== ASSIGNMENT ==
Reproduce the material below only from the line with "大臂膀上的半写实半几何图形风格恐龙纹身图片" to the line with "Rechts unten in", both included, keeping each line exact and dropping the pictures.
EXCERPTED DATA: Begin
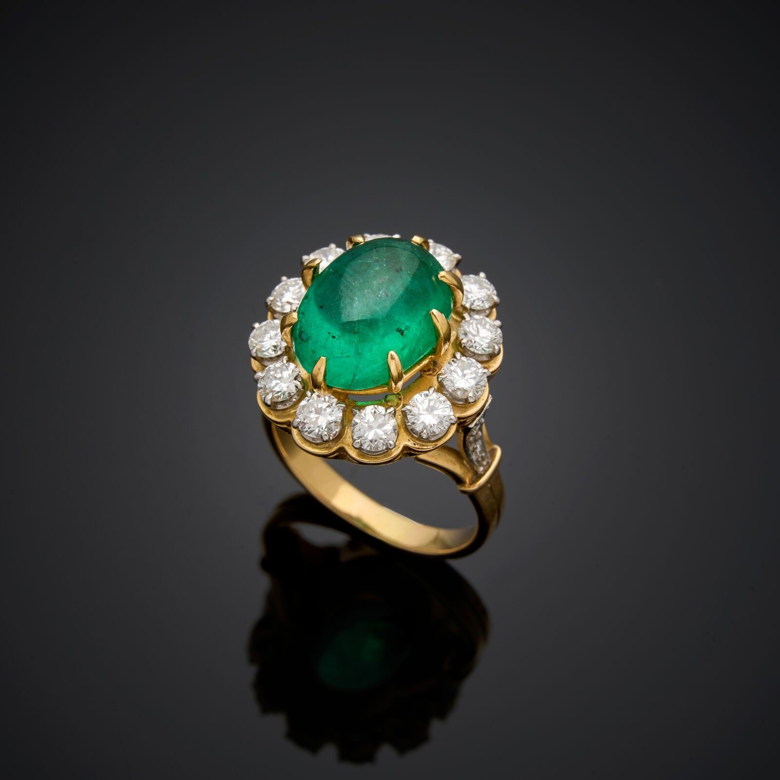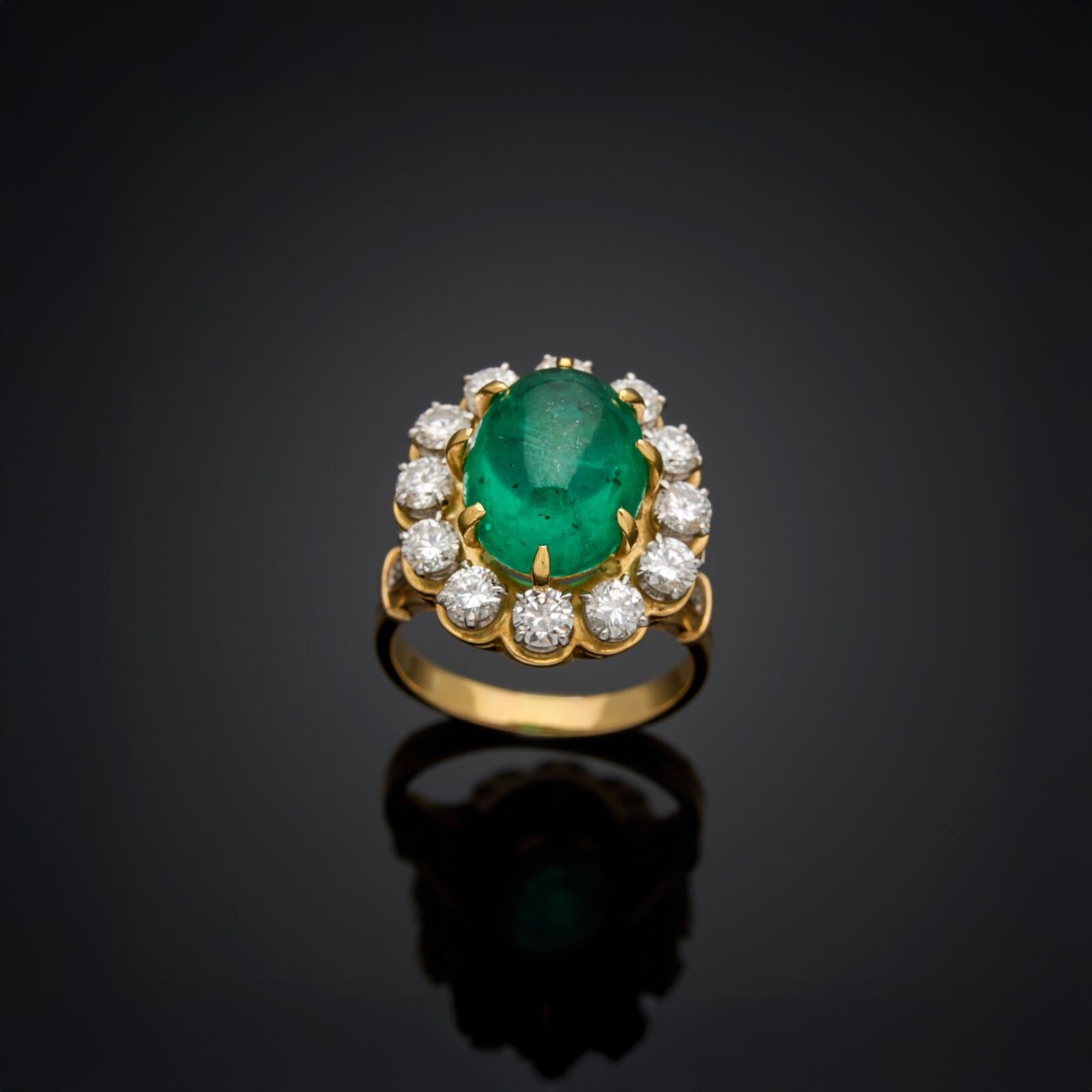 18 k (750 thousandths) yellow gold ring set with a 7.64 carat emerald cabochon surrounded by 12 modern-cut diamonds. (10 x 0.2 carats: approximately 2 carats of diamonds)
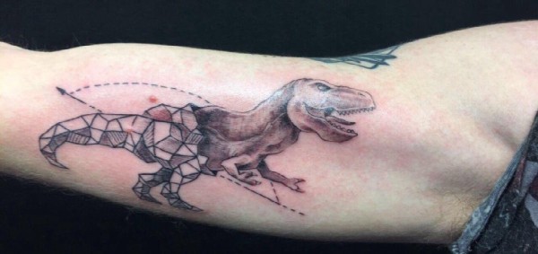 大臂膀上的半写实半几何图形风格恐龙纹身图片
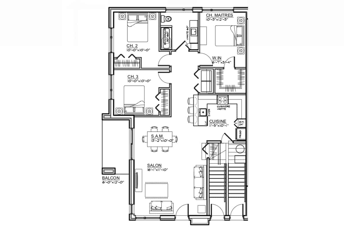 • Chambre des maîtres : 10'-3" x 12'-3"
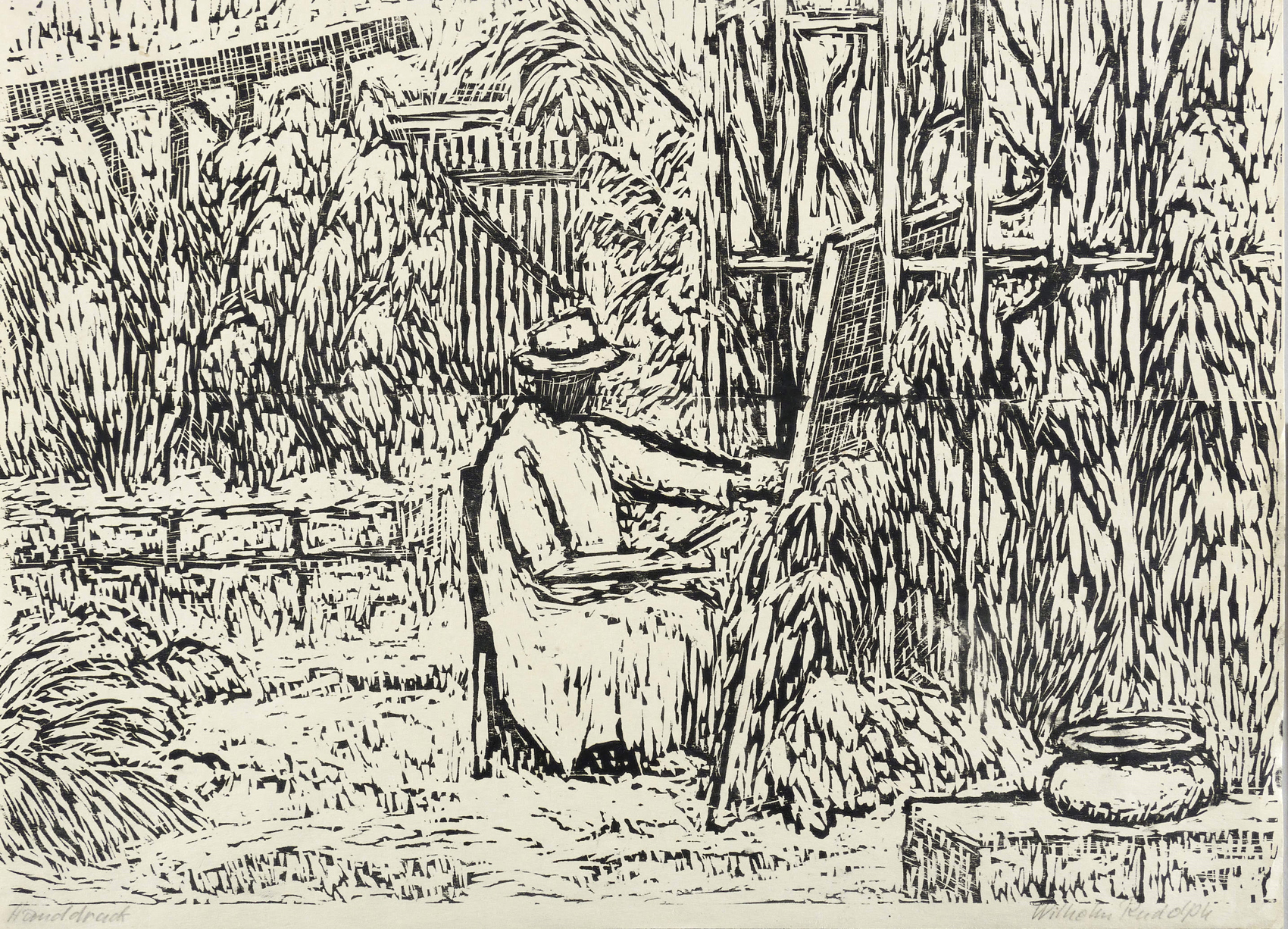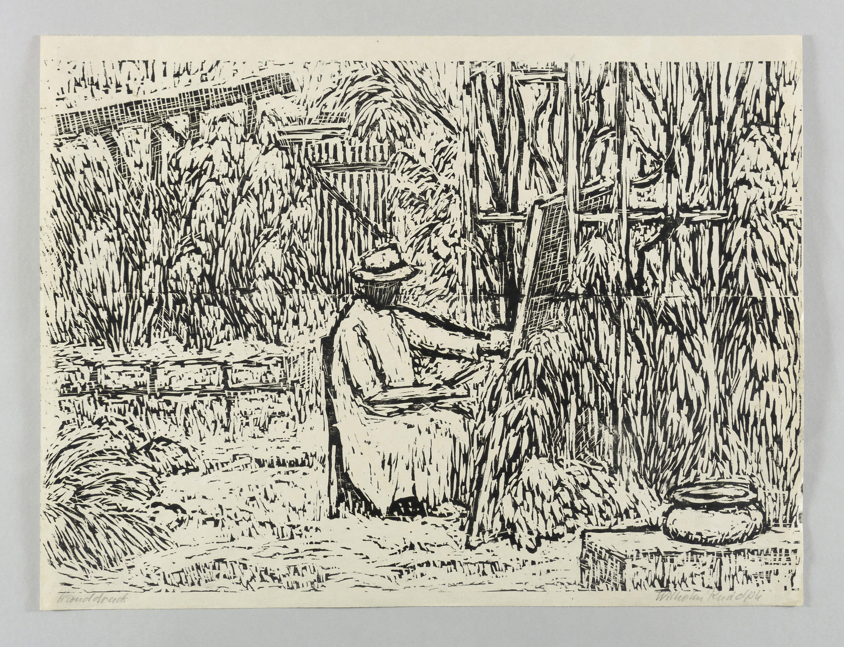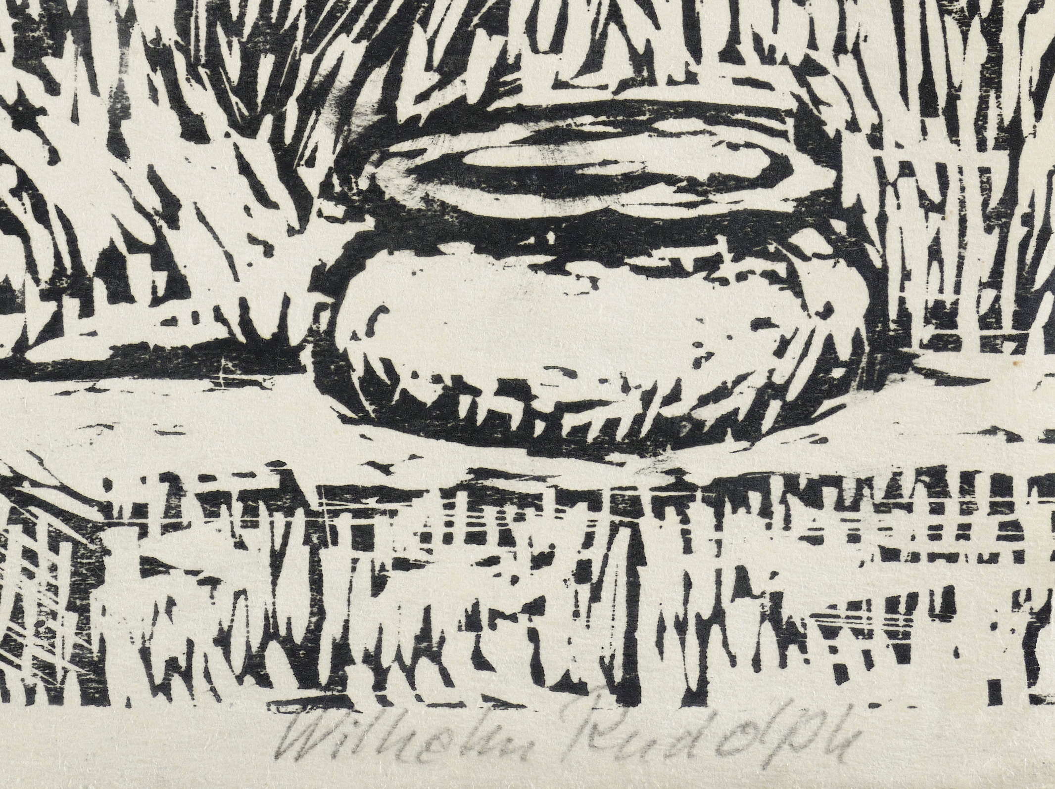 Rechts unten in Bleistift signiert: ″Wilhelm Rudolph″. Links bezeichnet: ″Handdruck″. – Eigenhändiger Abzug bzw. Abrieb des Künstlers. – Blattrand mit leichten Lagerspuren. Insgesamt gut erhalten.
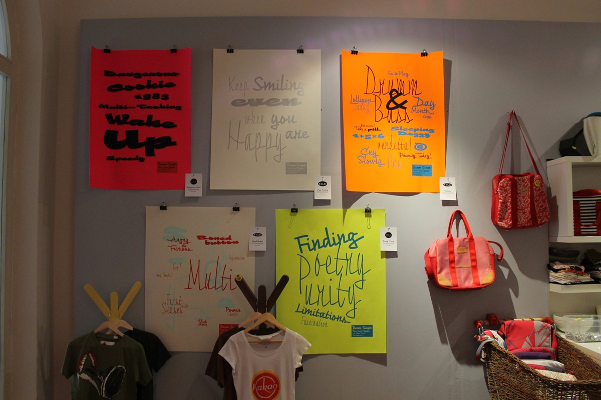 The weight of the typeface evolve in a way that pushes the limits of a script typeface to suggest new uses. Normally, families are developed in weights, not proportions. Also, having several weights in a script family is rather rare. But in Razon Script, as the fonts gain weight, big differences show up in the font outlines: the thin weight looks soft and delicate but as we examine darker variables, they also seem to get broken. The counters of the letters rotate from vertical to horizontal during this process.
EXCERPTED DATA: End
== ANSWER SECTION ==
 大臂膀上的半写实半几何图形风格恐龙纹身图片
 • Chambre des maîtres : 10'-3" x 12'-3"
 Rechts unten in Bleistift signiert: ″Wilhelm Rudolph″. Links bezeichnet: ″Handdruck″. – Eigenhändiger Abzug bzw. Abrieb des Künstlers. – Blattrand mit leichten Lagerspuren. Insgesamt gut erhalten.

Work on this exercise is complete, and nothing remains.